Two-dimensional semiconductors have excellent electrical, mechanical, and optical properties and thus are drawing a lot of attention as next-generation semiconductor materials which can be applied to flexible devices and transparent devices.
In this regard, Korean Patent No. 10-1251340 (entitled “Light emitting diode and manufacturing method of the same”) discloses a semiconductor light emitting diode and a method of manufacturing the semiconductor light emitting diode in which a two-dimensional photonic crystal pattern is formed in an interface of a transparent electrode layer with a p-type semiconductor layer, so that light extraction efficiency can be improved, and a contact area between the p-type semiconductor layer and the transparent electrode layer is reduced, so that conducting properties of the semiconductor light emitting diode can be improved.
In a process of manufacturing an electronic device using a two-dimensional semiconductor material, a method of forming an electrode on a two-dimensional semiconductor is very important because a contact resistance between the two-dimensional semiconductor and the electrode varies depending on the method used.
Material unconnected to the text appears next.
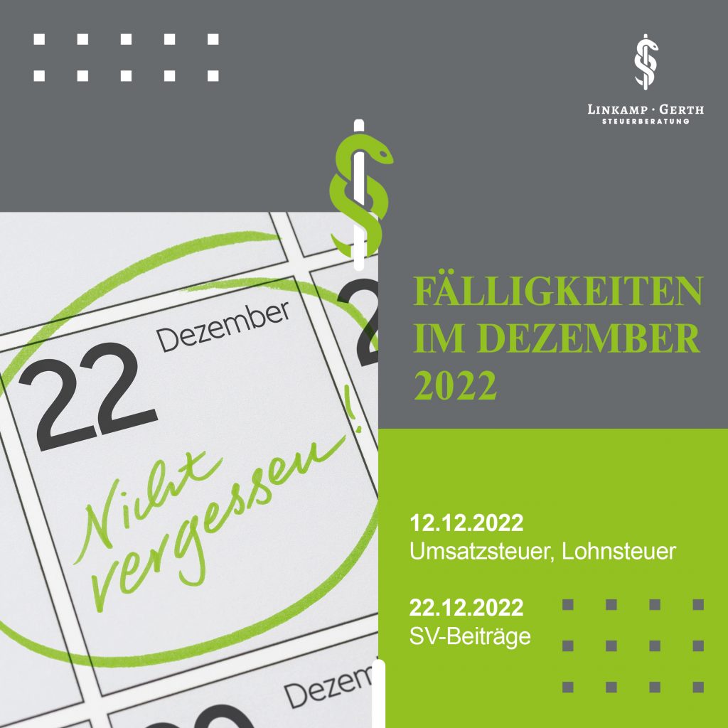 Steuertermine im Dezember 2022 12.12.2022 Umsatzsteuer, Lohnsteuer 22.12.2022 SV-Beiträge

That is, the contact resistance between the two-dimensional semiconductor and the electrode highly affects the performance of the device. Therefore, a method of reducing the contact resistance between the two-dimensional semiconductor and the electrode is becoming an issue.
Conventionally, the contact resistance between the two-dimensional semiconductor and the electrode has been reduced by changing properties of the electrode or brining the electrode into contact with an edge of the two-dimensional semiconductor.
Specifically, according to a method of reducing the contact resistance by changing properties of the electrode, a change in density of states of the two-dimensional semiconductor is caused by physical or chemical adsorption between the electrode and the two-dimensional semiconductor in contact with the electrode depending on properties of the electrode. Meanwhile, metal which is a three-dimensional material has a sufficient amount of charges (electrons/holes) to be transferred to a semiconductor layer, whereas a two-dimensional semiconductor material is limited in space to receive charges transferred from metal and thus has a high contact resistance. Further, the two-dimensional semiconductor material does not include a dangling bond on its surface. Therefore, if the two-dimensional semiconductor material is bonded to a metal electrode, atomic combination does not occur but a Van Der Waals gap is formed therebetween, so that it is difficult to transfer charges from the electrode to the semiconductor layer. As such, there is insufficient space to receive charges in the two-dimensional semiconductor and it is difficult for charges to be transferred due to the Van Der Waals gap, which causes a high contact resistance. Further, a large-scale two-dimensional semiconductor can be present as a p-type semiconductor in the air. In this case, if metal commonly used as an electrode material is brought into contact with the two-dimensional semiconductor, the two-dimensional semiconductor is doped into an n-type semiconductor. Therefore, when the metal electrode is brought into contact with the two-dimensional semiconductor, a density of states is reduced, so that a contact resistance may be increased.
Further, according to a method of reducing the contact resistance by bringing the electrode into contact with an edge of the two-dimensional semiconductor, the contact resistance can be reduced by increasing a path for charges to move from the electrode to a two-dimensional semiconductor material. However, in order to form the electrode on the edge of the two-dimensional semiconductor, the edge of the two-dimensional semiconductor and the electrode need to be aligned.
Accordingly, there is a need for a new method of forming an electrode for reducing the contact resistance between the two-dimensional semiconductor and the electrode in the process of manufacturing an electronic device using the two-dimensional semiconductor.